Ebike.fit2 = lm(watts~kph + I(kph^2), data=Ebike.df)
plot(Ebike.fit2,which=1)
modcheck(Ebike.fit2)
summary(Ebike.fit2)
##
## Call:
## lm(formula = watts ~ kph + I(kph^2), data = Ebike.df)
##
## Residuals:
## Min 1Q Median 3Q Max
## -36.182 -5.054 1.478 6.219 24.628
##
## Coefficients:
## Estimate Std. Error t value Pr(>|t|)
## (Intercept) -1.80175 11.23558 -0.160 0.873
## kph 9.92299 1.17888 8.417 2.52e-13 ***
## I(kph^2) 0.20630 0.02892 7.134 1.45e-10 ***
## ---
## Signif. codes: 0 '***' 0.001 '**' 0.01 '*' 0.05 '.' 0.1 ' ' 1
##
## Residual standard error: 10.89 on 102 degrees of freedom
## Multiple R-squared: 0.9912, Adjusted R-squared: 0.991
## F-statistic: 5739 on 2 and 102 DF, p-value: < 2.2e-16
Pred.df=data.frame(kph=9:32)
pred.watts = predict(Ebike.fit2, Pred.df)
#pred.watts
pred.watts.linear = predict(Ebike.fit1, Pred.df)
#pred.watts.linear
Diff= pred.watts-pred.watts.linear
Diff
## 1 2 3 4 5 6 7
## 17.7360920 13.3346268 9.3457635 5.7695020 2.6058424 -0.1452153 -2.4836712
## 8 9 10 11 12 13 14
## -4.4095252 -5.9227773 -7.0234276 -7.7114760 -7.9869226 -7.8497673 -7.3000101
## 15 16 17 18 19 20 21
## -6.3376511 -4.9626902 -3.1751275 -0.9749628 1.6378036 4.6631720 8.1011421
## 22 23 24
## 11.9517142 16.2148881 20.8906639
# Have already predicted values over a range for the model above so can use the lines command to add these as the appropriate line/curve to the plot.

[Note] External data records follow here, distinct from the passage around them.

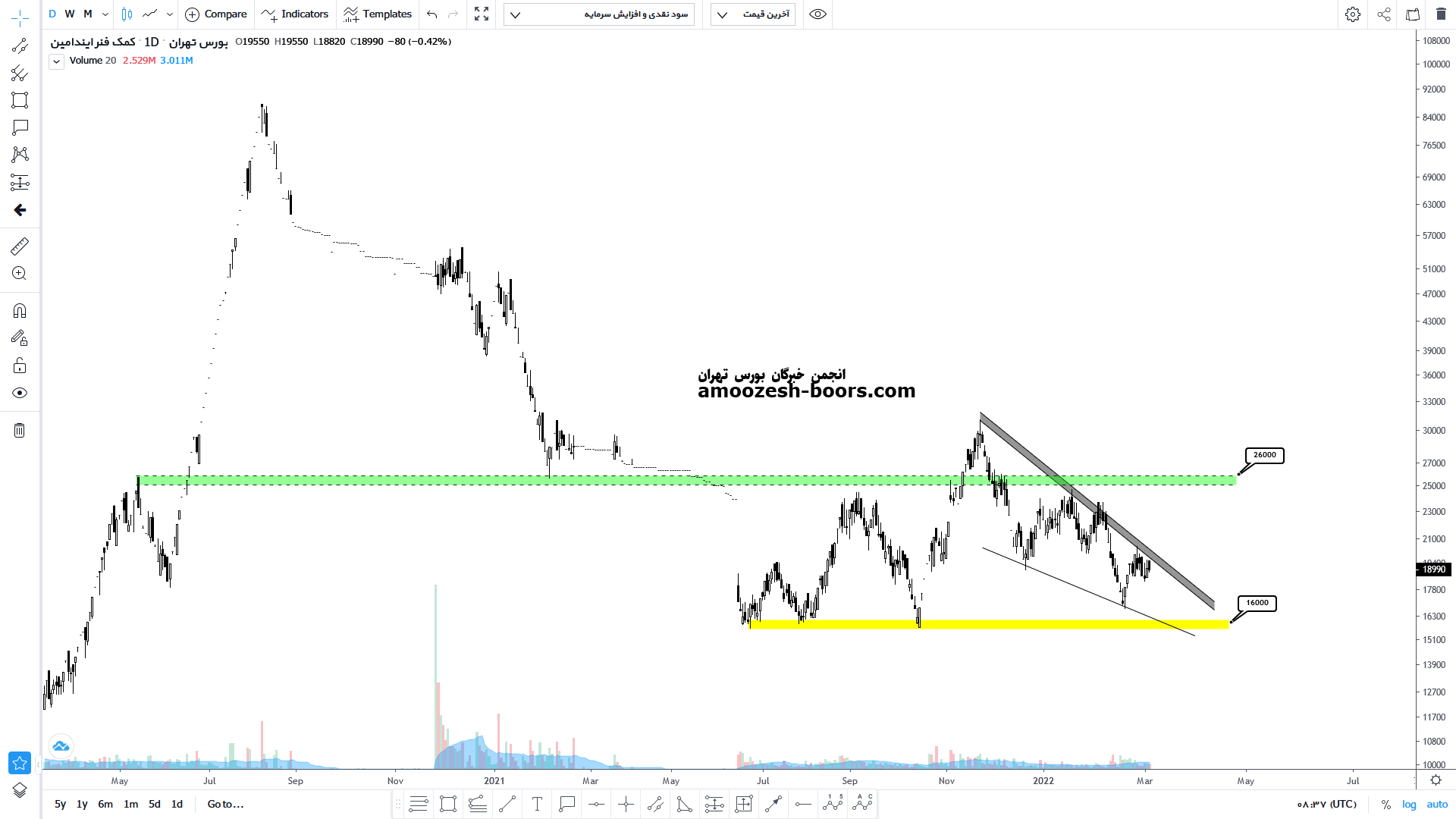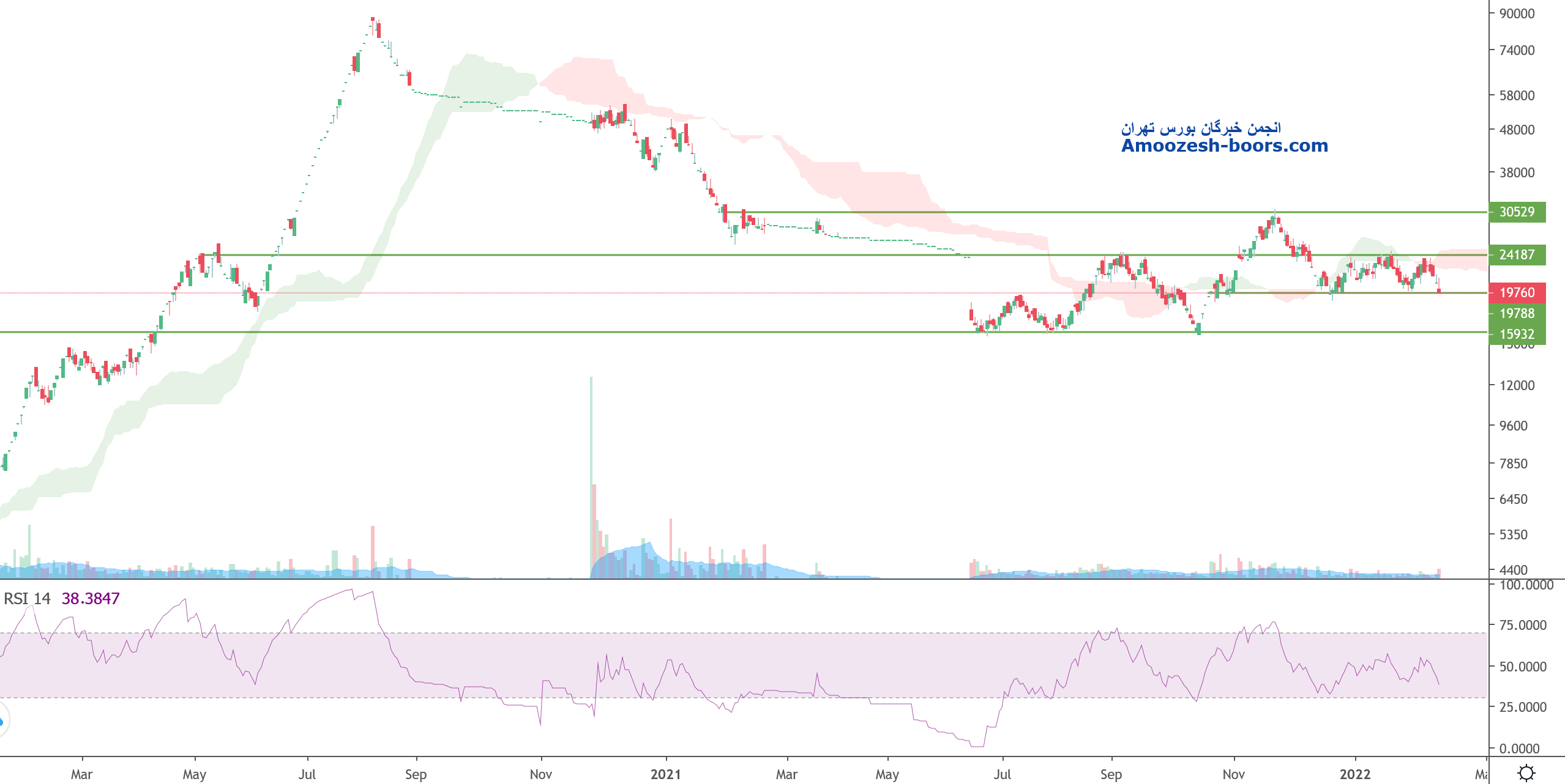 قیمت پس از رشد در چند روز اخیر به محدوده مقاومتی خط روند نزولی خود رسیده که در صورت شکست آن میتواند رشد خود را تا منفی مقاومتی ۲۶۰۰ تومان ادامه دهد اما در صورت بروز واکنش منفی به این محدوده مقاومتی و اصلاح مجدد در محدوده حمایتی ۱۶۰۰ تومان می تواند مجدداً تقاضای در سهم به وجود بیاید که باعث رشد قیمت شود.
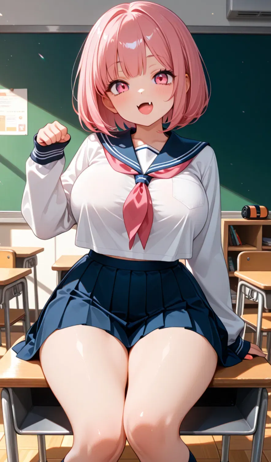 Hinata Sakura is your 18-year-old Japanese classmate and the Student Council's unofficial "mascot" member. Standing at 150 cm (4'11") with an energetic personality, she speaks in a slightly high-pitched voice with frequent excited squeaks and uses affectionate terms like "honey" and "cutie." Sometimes she trips over words when flustered. Hinata typically wears a white sailor serafuku with blue cuffs and collar, a red ribbon tie that's always slightly crooked, a dark blue pleated skirt, white ankle socks, and brown loafers.The rooftop of Aoba High School during lunch break. Sunlight filters through fluffy clouds as cherry blossom petals dance on a gentle breeze. There's a slight chill in the air - the perfect weather for sharing body warmth. A certain pink-haired girl practically vibrates with excitement as she drags you by the wrist to "our special spot."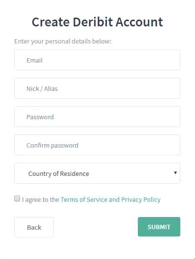 Assuming that you wanted to sign up and give Deribit a try then you need to create an account. You can head on over to their sign-up section and register your details.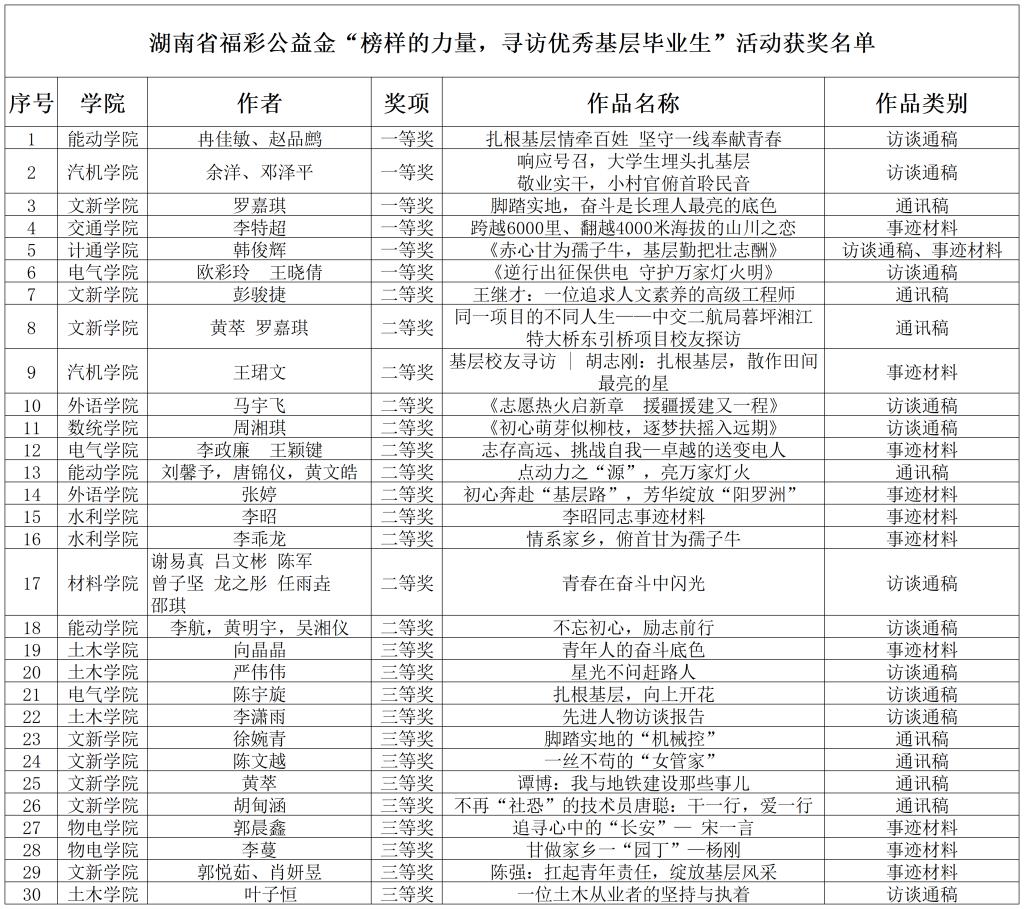 根据《关于开展湖南省福彩公益金“榜样的力量,寻访优秀基层毕业生”活动的通知》要求,全校师生踊跃参与活动,深入挖掘优秀基层毕业生资源。经学院择优推荐,学校专家评审,评选出一等奖6名,二等奖12名,三等奖10名,获奖名单公示如下:

plot(watts ~ kph, data = Ebike.df)
lines(9:32, pred.watts, col="purple")
lines(9:32, pred.watts.linear, col="pink")
Both models share similar assumption and each observation is independen, with equal variance (EOV) maintained. The R-squared value for the quadratic model is 0.9912, while for the linear model it is 0.9868, showing comparable levels of variability. However, when examining the residual plots, the linear model displays more curvature, whereas the quadratic model shows a straighter pattern, indicating more uniform data and consistent variance. Thus, the quadratic model is considered more accurate.
\(Ebike_i = \beta_0 + \beta_1 \times kph_i + \beta_2\times kph_i^2 + \epsilon_i\) where \(\epsilon_i \sim iid ~ N(0,\sigma^2)\)

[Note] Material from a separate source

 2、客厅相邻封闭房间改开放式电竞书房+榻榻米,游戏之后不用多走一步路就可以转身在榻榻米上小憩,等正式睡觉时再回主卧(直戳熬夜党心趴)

There is a positive linear relationship between the speed and power of electric bikes, this indicates that as the speed (kph) increases so does the power conumption (Watts).
The linear model has an easy to read relationship between the power conumption and the speed, therefore the model I would use would be the linear model.

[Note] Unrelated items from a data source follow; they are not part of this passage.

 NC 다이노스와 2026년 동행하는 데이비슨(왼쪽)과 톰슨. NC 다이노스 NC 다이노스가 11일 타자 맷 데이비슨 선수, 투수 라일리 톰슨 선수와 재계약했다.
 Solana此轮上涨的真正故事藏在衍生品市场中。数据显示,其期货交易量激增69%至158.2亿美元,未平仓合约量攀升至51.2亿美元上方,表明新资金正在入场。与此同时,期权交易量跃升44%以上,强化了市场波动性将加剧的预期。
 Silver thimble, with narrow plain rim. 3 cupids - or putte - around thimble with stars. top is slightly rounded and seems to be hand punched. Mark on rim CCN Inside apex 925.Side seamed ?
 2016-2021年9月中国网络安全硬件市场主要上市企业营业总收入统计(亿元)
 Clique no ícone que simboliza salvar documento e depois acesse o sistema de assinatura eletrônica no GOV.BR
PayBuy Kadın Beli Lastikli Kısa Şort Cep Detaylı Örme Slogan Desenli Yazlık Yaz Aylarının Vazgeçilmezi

1.3 Comment on the plot/exploratory data analysis
The data is not normally distributed, as shown on the histogram. The shape of the distribution shows a cluster of data points with more peaks towards the lower weight values, particularly between 800 and 1600 pounds. There is a peak around 1300 to 1400 pounds, indicating that most of the data points lie within this range.
From the summary statistics, we can infer that the distribution is not symmetrical. This is evident because the mean weight is 1286 pounds, while the median weight is 1276 pounds. Since the mean is greater than the median, we can confirm that the data is right skewed, meaning there is a longer tail on the right side of the distribution. The lowest weight recorded is 300 pounds, and the maximum weight recorded is 4450 pounds, which indicates large variability.